Xian et al.  developed a fully automatic segmentation method based on the characteristics of BUS image in frequency and spatial domain. The method had two parts: fully automatic breast tumor ROI generation, and a robust tumor segmentation based on ROI. In ROI generation step, a fully automatic reference point selection method was designed using breast anatomy: the location of the tumor was in the middle of the pre-mammary layer and retro-mammary layer. The mean shift algorithm was utilized to extend the reference points as the seed points. Finally, the ROI of tumor was calculated by using the seed points. In tumor segmentation step, a minimization cost function was used, and the frequency and spatial boundary information was utilized as the constraint of the cost function. The approach achieved 91.23% TPR, 9.97% FPR, and similarity rate of 83.73% using a dataset of 184 images.
The deep neural networks have been utilized for image segmentation and classification. In [3, 20, 43], and deep networks are proposed for breast histology image and mammographic mass segmentation. A deep learning approach was applied for breast cancer detection . Three network structures were used: patch-based LeNet , U-Net 
, and transfer learning with a pretrained fully convolutional network (FCN) with AlexNet. The network structures were applied to two datasets with 469 images. The experiments were conducted to compare three network structures: 1) trained on a dataset and tested on another; 2) trained and tested on single dataset; 3) trained on the combined dataset and tested on individual one. In the first experiment, the result on dataset A using U-Net was TPR 0.83, FPs/Image 0.08, and F-measure 0.87; the result on dataset B was TPR 0.70, FPs/Image 0.66, and F-measure 0.59. The result of the second experiment was TPR 0.98, FPs/Image 0.16, and F-measure 0.91 on dataset A using FCN-AlexNet; and TPR 0.92, FPs/Image 0.17, and F-measure 0.89 on dataset B. The result of the third experiment was TPR 0.99, FPs/Image 0.16, and F-measure 0.92 on dataset A using FCN-AlexNet; and TPR 0.93, FPs/Image 0.18, and F-measure 0.88 on dataset B. It concluded that the performance depended on dataset.

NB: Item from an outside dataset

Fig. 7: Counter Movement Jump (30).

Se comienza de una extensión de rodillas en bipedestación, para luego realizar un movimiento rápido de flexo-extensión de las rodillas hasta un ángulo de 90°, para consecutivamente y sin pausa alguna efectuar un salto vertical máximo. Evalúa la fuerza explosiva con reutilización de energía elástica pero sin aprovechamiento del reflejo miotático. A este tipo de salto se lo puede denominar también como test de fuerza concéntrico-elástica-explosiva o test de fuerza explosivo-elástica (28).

BUS image semantic segmentation was studied in . An extracted feature of 1-level wavelet transform was added to the input of the neural network. The prior knowledge that tumor must be inside mammary layer was utilized to constrain the conditional random fields (CRFs) energy function. This method could detect and segment the mammary layer and tumor; while other layers were treated as background. The method achieved TPR 92.80%, FPR 9.00%, and Intersection over Union (IoU) 82.11% in tumor segmentation.
According to above discussion, we can summarize that although all existing methods claimed to achieve the best results on their own datasets, they still have shortcomings: 1) traditional segmentation methods were based on the assumption that there was one and only one tumor in each image. Hence, the methods could not handle the situation: there is no tumor or more than one tumor. 2) most of the segmentation methods did not employ breast anatomy knowledge. 3) the uncertainty in BUS images, especially around the boundaries between breast anatomy layers, is not dealt. Due to the low resolution and poor quality of the BUS image, the boundary areas were very vaguer and fuzzy, even difficult for doctors to classify.
To overcome the shortcomings, a novel, robust, fuzzy logic guided BUS image semantic segmentation method with breast anatomy constrained post-processing method is proposed. Based on , an adaptive membership function is designed. The input image is transformed to fuzzy domain using the membership function. The fuzzy features are used to represent the uncertainty in the image. Fuzziness of the image is reduced by multiplying uncertainty maps and input image. The feature maps of the first convolutional layer are transformed in fuzzy domain and uncertainty in the convolutional feature maps is reduced by multiplying uncertainty maps and the corresponding convolutional feature maps. Then, the context information (breast anatomy) and the layer structure of human breast  are applied to the conditional random fields (CRFs) to improve the final segmentation result. The dataset contains 325 BUS images labeled by the doctors of cooperative hospitals; 229 images contain tumors, and the rest ones do not contain tumors. Previously existing datasets just had labels for tumors, while our dataset has the information of 5 categories: fat layer, mammary layer, muscle layer, background, and tumor in every image (as shown in Fig. 1).
The paper is organized as follows: in Section 2, the fuzzy information guided fully convolutional network is introduced; in Section 3, the breast anatomy constrained CRFs are presented; in Section 4, the experiments for the network structure and post processing are discussed, the performance is compared with that of previous methods, and the conclusions are given in Section 5.
Ii Fuzzy information guided fully convolutional network
Fully convolutional network (FCN) 
was widely used in semantic segmentation because FCN obtained better results than that of traditional methods. FCN allowed to use the whole images as inputs and provided a pixel-wise category prediction. Supervised learning methods using deep convolutional neural network for image analysis can be categorized as: 1) patch-based methods: input images were divided into small overlapping or non-overlapping patches which were classified. They represented the category of the center pixel or a chosen pixel on the boundary of a patch. A sliding window was used to scan all the pixels in the image. 2) FCN: FCN realized an end-to-end segmentation, where the whole images were utilized as the inputs without dividing into patches. FCN performed better than patch-based methods and was applied to nature image semantic segmentation, medical image processing, crack detection, and other tasks. In this research, a fuzzy FCN is proposed for BUS image segmentation.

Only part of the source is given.